The current TDR disease portfolio includes the following entries:

- Chagas disease

- (also called "American trypanosomiasis") is a parasitic disease which occurs in the Americas, particularly in South America. Its pathogenic agent is a flagellate protozoan named "Trypanosoma cruzi", which is transmitted mostly by blood-sucking assassin bugs, however other methods of transmission are possible, such as ingestion of food contaminated with parasites, blood transfusion and fetal transmission. Between 16 and 18 million people are currently infected.

- Dengue

- Helminths

- African trypanosomiasis

- or sleeping sickness, is a parasitic disease, caused by protozoa called trypansomes. The two responsible for African trypanosomiasis are Trypanosoma brucei gambiense and Trypanosoma brucei rhodesiense.These parasites are transmitted by the tsetse fly

- Leishmaniasis

- caused by protozoan parasites of the genus Leishmania, and transmitted by the bite of certain species of sand fly.

- Leprosy

- (or Hansen's disease) is a chronic infectious disease caused by Mycobacterium leprae. Leprosy is primarily a granulomatous disease of the peripheral nerves and mucosa of the upper respiratory tract; skin lesions are the primary external symptom. Left untreated, leprosy can be progressive, causing permanent damage to the skin, nerves, limbs, and eyes. Contrary to popular conception, leprosy does not cause body parts to simply fall off, and it differs from tzaraath, the malady described in the Hebrew scriptures and previously translated into English as "leprosy".

- Lymphatic filariasis

- is a parasitic disease caused by thread-like parasitic filarial worms called nematodes, all transmitted by mosquitoes. Loa loa is another filarial parasite transmitted by the deer fly. 120 million people are infected worldwide. It is carried by over half the population in the most severe endemic areas. The most noticeable symptom is elephantiasis: a thickening of the skin and underlying tissues. Elephantiasis is caused by chronic infection by filarial worms in the lymph nodes. This clogs the lymph nodes and slows the draining of lymph fluid from a portion of the body.

- Malaria

- Caused by a Protozoan parasites transmitted by female "Anopheles" mosquitoes, as they are the blood-feeders. The disease is caused by species of the genus Plasmodium. Malaria infected an estimated 190-311 million people in 2008 and 708,000-1,003,000 died mostly in Sub-Sahara Africa.

- Onchocerciasis ()

- or river blindness is the world's second leading infectious cause of blindness. It is caused by "Onchocerca volvulus", a parasitic worm. It is transmitted through the bite of a black fly. The worms spread throughout the body, and when they die, they cause intense itching and a strong immune system response that can destroy nearby tissue, such as the eye. About 18 million people are currently infected with this parasite. Approximately 300,000 have been irreversibly blinded by it.

- Schistosomiasis ()

- also known as "schisto" or snail fever, is a parasitic disease caused by several species of flatworm in areas with freshwater snails, which may carry the parasite. The most common form of transmission is by wading or swimming in lakes, ponds and other bodies of water containing the snails and the parasite. More than 200 million people worldwide are infected by schistosomiasis.

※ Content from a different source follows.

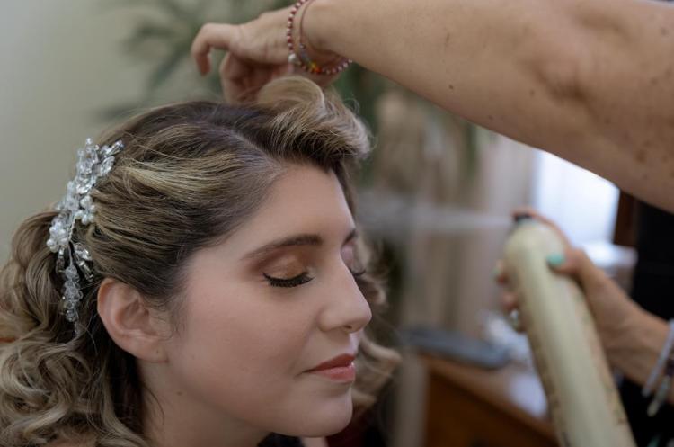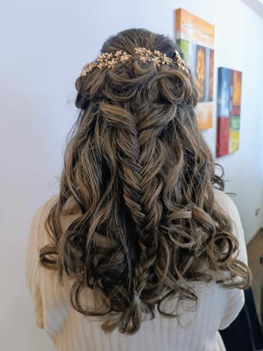 Su trabajo en la parte de maquillaje perfecto. Maquilla precioso , en la parte de peinado simple, ahí no está tan perfeccionada. Le falta detalle, el peinado aunque fue simple debe de ser...

- Sexually transmitted infections

- TB-HIV coinfection

- Tuberculosis

- (abbreviated as TB), is a bacterial infection of the lungs or other tissues, which is highly prevalent in the world, with mortality over 50% if untreated. It is a communicable disease, transmitted by aerosol expectorant from a cough, sneeze, speak, kiss, or spit. Over one-third of the world's population has been infected by the TB bacterium.